Union Budget 2018 is getting a makeover. Breaking the decades-old tradition, it will be presented on February 1 instead of the last working day of February. By advancing the date, the government intends to complete the exercise, including the passing of The Finance Bill and Appropriation Bill in Parliament before April, the onset of a new financial year. Currently, though the Budget is presented in February, it’s only in May that the Finance Bill, involving tax changes and expenditure details, is passed. Saving this time could lead to better execution.
For the first time in nearly a century, Budget 2018 will include the Railway Budget, which until now was presented separately. Doing so will save the national rail network Rs 10,000 crore every year (Rs 5,000 crore excluding subsidies). How? A single Appropriation Bill entitles the finance ministry to prepare legislative work including statement of accounts. The Railways, though will continue as a department-run, commercial undertaking, it will be exempted from paying dividends to the government and hence the savings. Also, the move vests power with the finance ministry to revise fares depending on the financial condition and not political constraints. Third and most important, the upcoming Budget will cease to have the age-old plan and non-plan classification.

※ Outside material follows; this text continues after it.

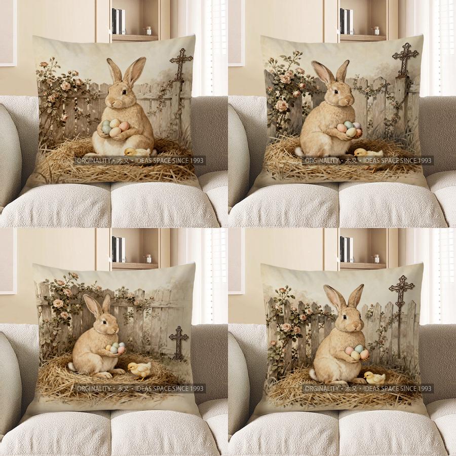 2D Кролик с яйцами и крестом Пасхальная тематика Подушка Чехол для подушки Подходит для дивана Спальни Автомобиля Чехол для подушки

Originally, plan expenditure included capital expenses leading to asset creation, while non-plan comprised revenue expenditure like salaries, interest payments etc. But over time, the distinction lost clarity. This choked implementation of schemes. By focusing on capital and revenue expenditure, the budget will move a step closer to performance-linked, outcome-based budget, provide control over public debt, and step up gas on capital formation. But for this to happen, states’ support — by advancing their budget presentations and timely inputs — is vital. For, any inconsistency will lead to chaos.